Yes. Add an extra credit row with the bonus points as your score (which might exceed 100%) and the extra credit weight as listed in your syllabus. Some professors add a flat 2–5 points to the final grade rather than weighting it; in that case, just add 2–5 to whatever grade the calculator shows. Always check your syllabus to understand exactly how extra credit is applied.
What if my professor drops the lowest quiz grade?
Exclude your lowest quiz score from the calculator and adjust the weights accordingly. For example, if there were 5 quizzes each worth 4% (total 20%) and the lowest is dropped, you have 4 quizzes totaling 16% — but many professors rescale so the quiz category still counts 20%. In that case, each of the 4 remaining quizzes effectively counts 5%. Check your syllabus or ask your professor exactly how the drop policy works before adjusting.
My grade in the calculator is different from what the professor shows. Why?
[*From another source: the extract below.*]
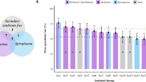 Aphids and their associated endoparasitoid wasps provide a unique system to study host–parasite coevolution as, in many cases, the outcome of their interaction is also influenced by facultative bacterial endosymbionts of aphids (Oliver et al. 2003). The vertically transmitted Hamiltonella defensa (Enterobacteriaceae) is among the most widespread of these symbionts (Oliver et al. 2003; Moran et al. 2005)—being found in 41% out of 131 examined aphid species (Henry et al. 2015). It confers significant protection against parasitoid wasps in multiple aphid species (reviewed in Oliver et al. 2014; Vorburger 2014). The protection is associated with the presence of the APSE bacteriophage in H. defensa’s genome (Oliver et al. 2009). Indeed, APSE carry strain-specific “cassettes” encoding toxins likely interfering with parasitoid development (Oliver et al. 2009). However, resistance against parasitoids is not only attributable to the symbiont–bacteriophage association aphids carry, as different symbiont-free aphid genotypes also differ in their resistance (Sandrock et al. 2010; Martinez et al. 2014). The variation in aphid susceptibility to parasitism, along with H. defensa strain-specific strength of protection, may explain natural variation observed in aphid–wasp interactions (Oliver et al. 2005; McLean and Godfray 2015; Oliver and Higashi 2019). Moreover, there is also ample genetic variation in wasp infectivity (Schmid et al. 2012; Vorburger and Rouchet 2016).
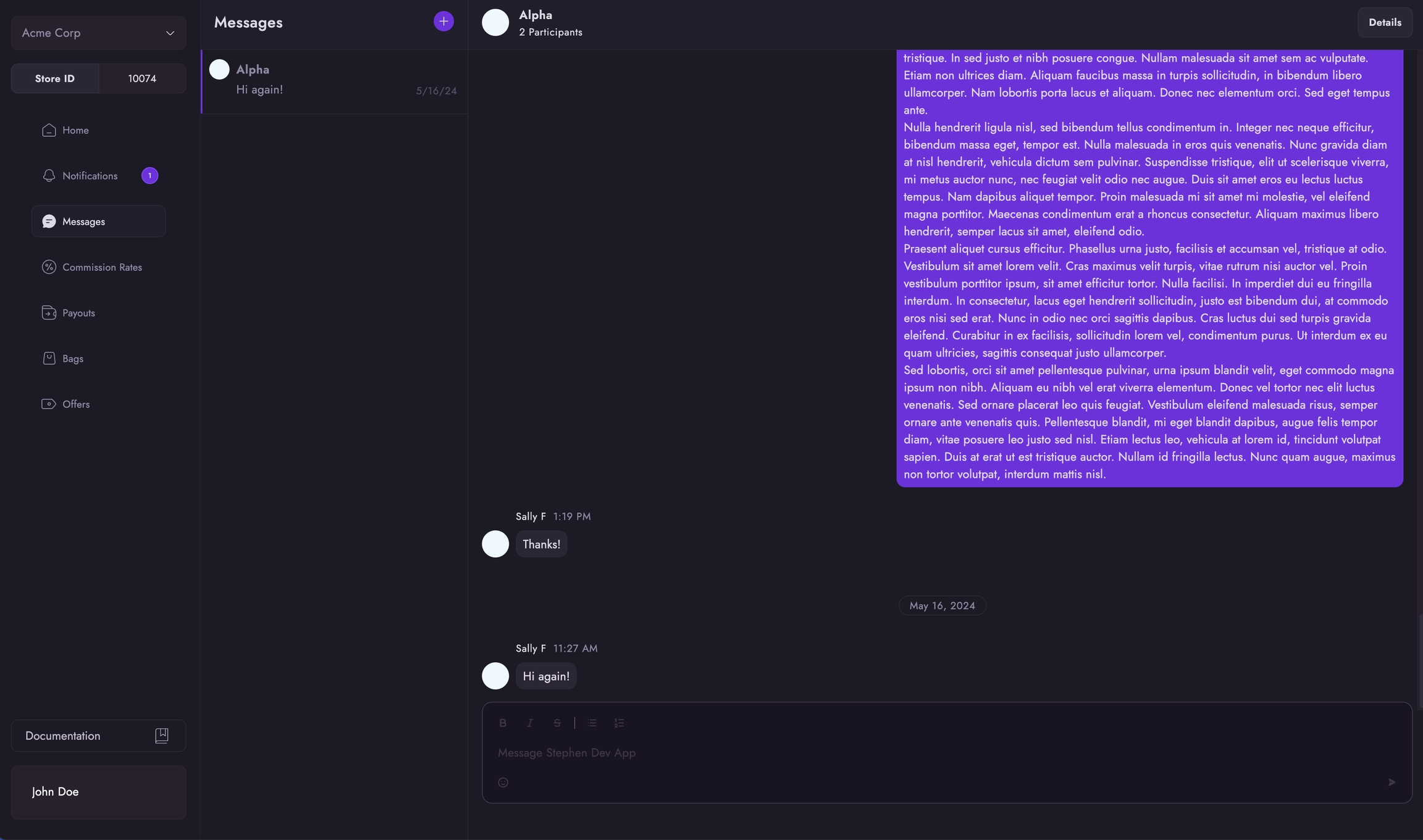 The Messages tab enables direct communication with your connected channels. From here, you can initiate and manage conversations with channels in real-time.

Several things can cause this. First, some professors round intermediate results differently. Second, participation or attendance grades may not have been entered. Third, some learning management systems like Canvas or Blackboard calculate grades differently when assignments have different possible point values rather than all being out of 100%. If the discrepancy is significant, it is always worth asking your professor to walk through their grading calculation with you.